We then studied the impact of TET2 mutations and methylation profile on outcome of higher-risk MDS patients, treated with epigenetic therapy. Six of 38 patients were not evaluable for treatment response due to early death or premature therapy stop. Five of the eleven TET2-mutated patients (46%) responded to epigenetic treatment, while only five of the 21 patients (24%) with wild-type TET2 gene responded. Probably due to the relatively small sample size, this difference did not reach statistical significance (P=0.2). Duration of response did not differ between the two groups. Median overall survival was 14.4 months, with no differences between TET2-mutated or wild-type patients (log-rank P=0.9, Figure 1b). The impact of TET2 mutations on survival is controversial. Decreased survival in TET2-mutated AML patients has been reported by Abdel-Wahab et al.3 A study on 96 MDS patients, including lower and higher risk MDS, mostly treated with supportive treatment, identified mutant TET2 as a positive prognostic marker, with 77% 5-year overall survival for TET2-mutated patients versus 18% for wild-type patients.8 On the other hand, TET2 mutations were not associated to IPSS score, karyotype, World Health Organization subtypes, time to AML transformation and overall survival in 320 MDS patients.9 The GFM recently reported significantly higher response rates to 5-azacytidine in TET2 mutated high-risk MDS patients (n=63 RAEB) and AML with low blast counts (n=23 patients).10 Similar to our data, no differences for duration of response or survival were reported.10

Promoter methylation has been shown to have a significant role in the pathogenesis and progression of myelodysplastic syndromes, but a reliable methylation marker, predictive of treatment response has not been identified yet.
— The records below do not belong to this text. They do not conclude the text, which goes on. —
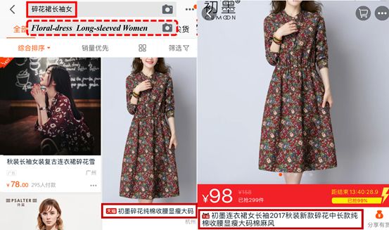 图1. 用户搜索「碎花裙长袖女」,搜索结果页商品原始标题过长无法完整显示,只有点击进入详情页才能看到完整标题。
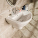 • تصميم "نصف ركبة" معلق يخفي وصلات الصرف ويحافظ على مساحة الأرضية مكشوفة لسهولة التنظيف تحت الحوض.
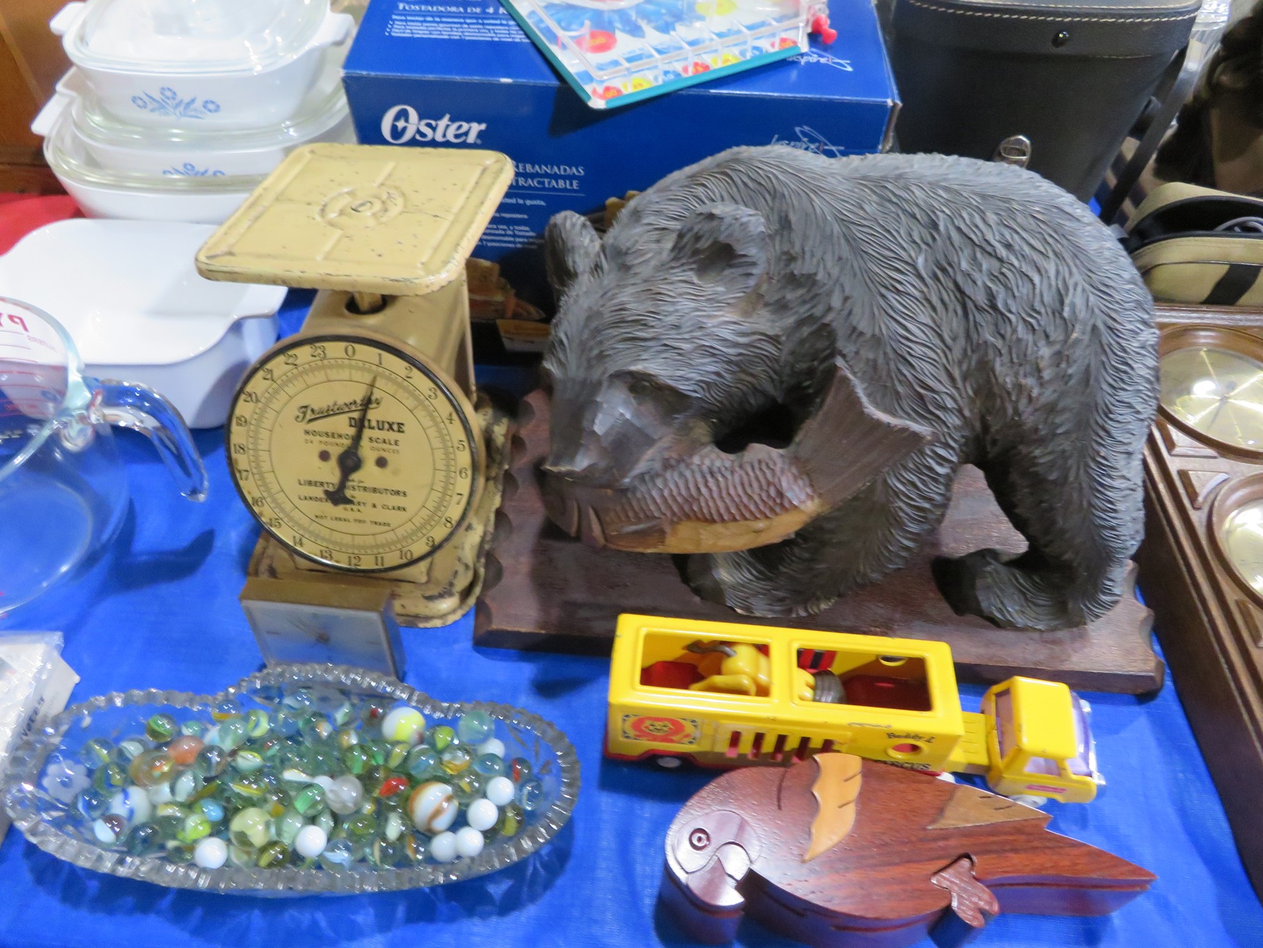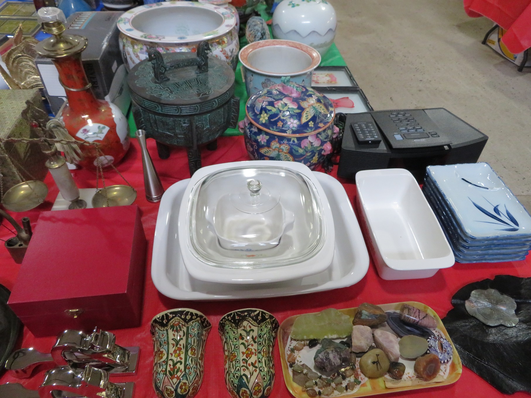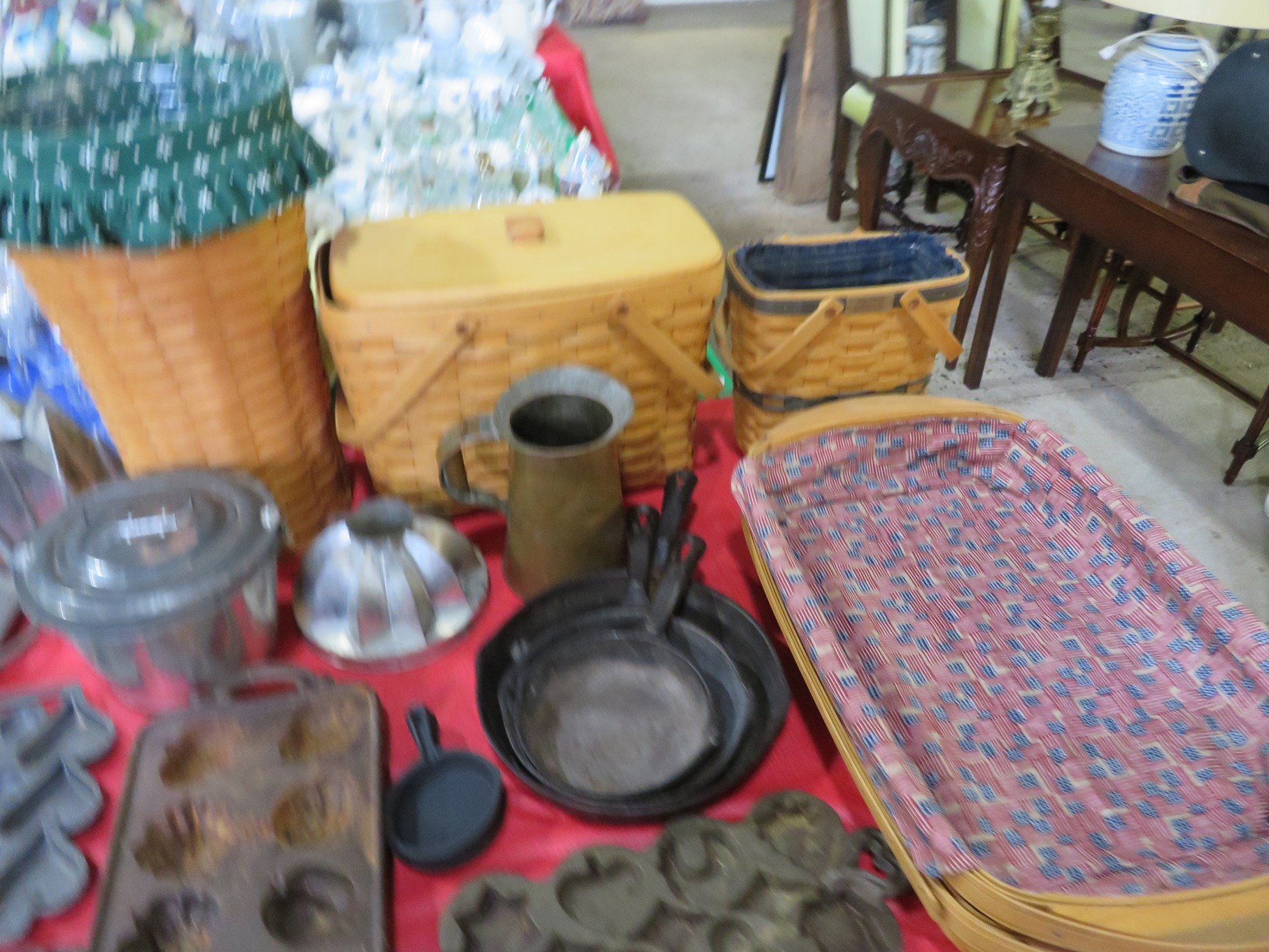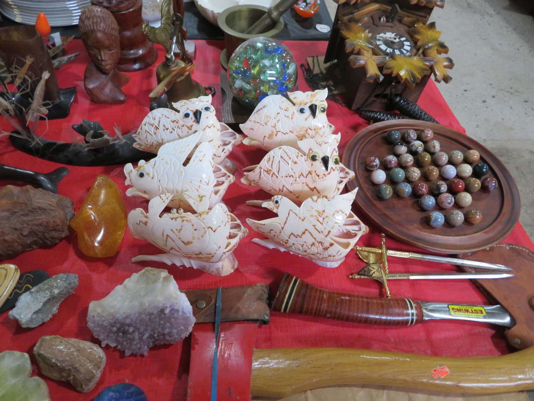 MORE: Smoking pipe collection including meerschaum & carved faces; Pipe rests; Acoustic guitar; Violins; Oriental swords on display; Milk can; Agate bookends; Large metal bell; Carving set in box; Decorated eggs; Brass candlesticks; Cameras & accessories; Horse figurines; Beaded moccasins & pipe; Fairy lamps; Foo dogs; Dagger; Knife; Framed currency; Wooden shoes; Bose; Polished stones; Napkin rings; Parrot shape wooden locking box puzzle; Brass mortar & pestle; Cast iron bulldog doorstop; Cast iron skillets & griddle; Miniature frying pan; Molds; Bookends; Brass match holder; Jewelry boxes; Desk blotter set; Pen rest; Brass candleholders; Cigar box; Wooden canister; Miniature cannon; Old keys; Brass spittoons; Large brass pail; Old jar full of matchbooks; Hand-painted checkerboard; Hand saw; Binoculars; Letter openers; Pewter miniatures; Embroidery on silk; Balance scales; Carved jade; Opium pipe; Masks; Stone grapes; Stone vase; Tetsubin; Corning casseroles with lids; Depression spice shaker set (8); Granite ware lunch tote; Granite ware basin; Large granite ware coffee pot; More granite ware; LeCreuset cookware set; Revere Spectrum in box; Old metal mug; Large assortment of white with blue trim enameled cookware-funnel, pots with lids, teapots, coffeepot, measure, cream cans, double boiler & more; Measuring cup set; Copper chafing dish; Longaberger baskets; Copper bowl; Scales; Cloisonne vases; Stone fruit; Fine & costume jewelry; Cigarette case; Jewelry boxes; Wonderful large mouth crock with blue; Pottery milk holders; Stoneware jugs; Crocks, some with lids; Inlaid stone trinket boxes; Miniature glass vases on stands; Weather station; Books of postage stamps & Golden Replicas of United States Stamps; Cash register bank; Toy cookstove; Marbles; Buddy L Circus truck with animal; Boomerangs; Estwing hatchet; Another hatchet; Geodes & mineral specimens; Cuckoo clock; Fantastic wall clocks; Seashells carved into sea life; Outdoor furniture! Polywood table & umbrella with rotating chairs; Porch rockers; Side tables; Lounge chairs; Cast iron garden seats, bench & table; Small garden bench; Tile top table & chair; Another fine patio set; Garden frogs; Wrought iron patio set; Wrought iron tea cart; Wire furniture; Baker’s rack; Tool chest with contents; Coolers; Toolbox & much much more!

Follo et al.11 showed that reduction of phosphoinositide-phospholipase C beta1 methylation correlated with azacytidine response in high-risk MDS, whereas increasing levels of promoter methylation were observed in refractory patients. We then analyzed for associations between methylation patterns and survival. An association became evident between the third component, which strongly impacts on methylation of the genes NRCAM, BCL6, TP53 and BCL2L10, and overall survival (P=0.009, hazard ratio: 1.89, 95% confidence limits: 1.17–3.06). When the third component was inserted into a multivariate model including the IPSS score (Int-2 versus High), it remained a prognostic factor for overall survival (hazard ratio: 1.63, 95% confidence limits: 10.01–2.64, P=0.047) (Supplementary Figure 4). It is unclear how hypermethylation of the third component influences outcome after epigenetic therapy. High methylation levels of oncosuppressor genes might increase resistance to epigenetic treatment. Among prognostically significant oncosuppressor genes, p53 methylation is particularly interesting. p53 inactivation by mutations has been reported to have a significant role in MDS biology, while the role of p53 methylation in MDS is not well defined. p53-deficient mouse embryo fibroblasts, lacking functional p53 expression, were shown to have low sensitivity to the cytotoxic function of decitabine.12 In this line, efficacy of epigenetic therapy may be influenced by p53 inactivation by methylation.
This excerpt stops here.